Not surprisingly, Brooks's testimony provoked sharp and immediate responses from opponents of new weapons development. Democratic Cong. Ellen Tauscher of California, whose district includes Livermore, told the Washington Post, “They are determined to build new weapons, and whatever logical argument we come up with in a bipartisan way, they jump the fence.” In response, NNSA spokesman Bryan Wilkes contradicted Brooks, telling the Post, “The focus of the RRW program is to extend the life of those military capabilities provided by existing warheads, not develop warheads for new or different military missions.” 9 But, significantly, Brooks asked that a statement by Mira Ricardel, the acting assistant secretary of defense for international security policy, be inserted in the RRW hearing's record: “We don't need a smaller Cold War era nuclear stockpile; we need capabilities appropriate for twenty-first century threats.” 10
Indeed, the purpose of the RRW tends to be very much in the eye of the beholder. According to the New York Times, John Harvey, NNSA's director of policy and planning, “said the culminating stages of the program would include ‘the full-scale engineering development’ of new prototype warheads.” Harvey claims: “Our goal is to carry out this program without the need for nuclear testing. But there's no guarantees in this business, and I can't prove to you that I can do that right now.” 11
Testifying at a Senate budget hearing in mid-February, Energy Secretary Samuel Bodman said that the RRW is “a matter of maintaining what we have. I think some have suggested it's creating something new. It's maintaining what we have.” 12 Yet in a letter to Democratic Sen. Dianne Feinstein of California less than a month later, Bodman wrote that, “If, in the future, the [Defense Department] identifies requirements for new or different military capabilities, it is conceivable that certain concepts identified in the RRW program could be applied in the development of warheads to meet these new requirements.” 13
This view was echoed in early April, when NNSA deputy administrator Everet Beckner told the Oakland Tribune in a revealing comment that the development of new warheads or new military capabilities is “not the primary objective, but [it] would be a fortuitous associated event.” In an interview a few days later with the Albuquerque Journal, Beckner again refused to rule out this possibility. “I think we don't really know yet,” he said of the ultimate outcome of the program. 14
But, as it turns out, they do know the ultimate outcome. It's now a matter of public record. In mid-July, three months after Brooks testified before the Senate Armed Services subcommittee, a Secretary of Energy Advisory Board task force released a report on the future of the weapons complex (originally requested by Hobson in 2004) that Brooks had mentioned and that clearly influenced his testimony. The report presents a sweeping vision for what the complex, and the stockpile, should look like in 2030. Its core recommendation is to consolidate all weapons production, disassembly, and fissile material storage functions at one location, possibly the Nevada Test Site. “The immediate initiation” of work on the RRW program will make this possible.
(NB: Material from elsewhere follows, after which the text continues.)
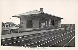 Starting in New Haven, the railroad reached Plainville, 27 miles (43 km) away, by the end of 1847.[5] A temporary station was built between Hillhouse Avenue and Temple Street in downtown New Haven along with engine facilities, though the canal continued further south.[6] As built, the railroad closely followed (or in places was even built on top of) the existing Cheshire Turnpike between New Haven and Hamden, leading to a high frequency of accidents between trains and horse-drawn carriages.[3] In 1850, it was joined by the Hartford, Providence & Fishkill Railroad's line between Hartford and Waterbury.[7] The first trains ran in January 1848, though construction continued northwards to Granby, Connecticut.[5]

RRW tag team: Cong. David Hobson (left) and Sen. Pete Domenici (right).
Like several previous statements from inside the nuclear bureaucracy, this report demonstrates that even before the RRW program gets fully under way, it is already moving well beyond the parameters Hobson demarcated in 2004. “Specific operational military characteristics of the 2030 stockpile are not yet defined,” notes the report. “However, the task force believes that the RRW is the first of a family of warheads that embodies all of the desirable characteristics of the sustainable stockpile. Furthermore, the task force envisions a stockpile that is continuously modernized through a series of design-production cycles that would allow the stockpile to meet an evolving or changing threat environment.” The task force also “recommends that a new version of the RRW, incorporating new design concepts and surety features, be initiated on planned five-year cycles. This family of weapons will form the basis of the sustainable stockpile of the future that will replace the current Cold War stockpile.” 15
What's remarkable about this report is that it presents a fully formed plan for overhauling the weapons complex, even as the authors acknowledge there are no specific military requirements for nuclear weapons this far into the future. In effect, they lay out a self-justifying blueprint for regularly replacing the entire current stockpile with new classes of thoroughly modern warheads to meet any and every contingency.
Time for a real debate
The Energy Department requested $9.4 million for the RRW in fiscal 2006. This was subsequently increased to $25 million by Hobson and Domenici's subcommittees. (Domenici, however, has already included language in his version of the bill prohibiting any spending to implement the task force's recommendations. “While there is always room for improvement,” Domenici said, “I believe our labs are doing good work and I do not think we should rush into any quick fixes.”) 16 The House and Senate Armed Services committees, however, while endorsing the RRW, authorized spending only the amount requested by the administration. Final action on all these bills was pending as this article went to press.
For their part, congressional Democrats have made clear they are “willing to explore the concept of the RRW program” but that their unequivocal support will come only if it meets a number of explicit criteria, including leading to “dramatic reductions in the nuclear arsenal, including complete dismantlement of the weapons and safe disposal of fissile components,” reducing “the reliance of the U.S. on nuclear weapons and de-emphasiz[ing] the military utility of nuclear weapons,” and leading to “ratification and entry into force of the Comprehensive Test Ban Treaty.” In addition, the program should not “introduce new mission or new weapon requirements, particularly for tactical military purposes.” 17
Yet, if the RRW program proceeds it will almost certainly gradually supersede stockpile stewardship, transforming, its advocates hope, the arsenal and the weapons production complex into a more modern, more agile, and less expensive operation. Whether this is desirable, necessary, or feasible are matters that have thus far received relatively little attention.
Through all of this, there is an unspoken assumption that nuclear deterrence must continue to be a major element of U.S. security policy for the foreseeable future. Few people, certainly not in Congress, are willing to question this assumption, at least not publicly.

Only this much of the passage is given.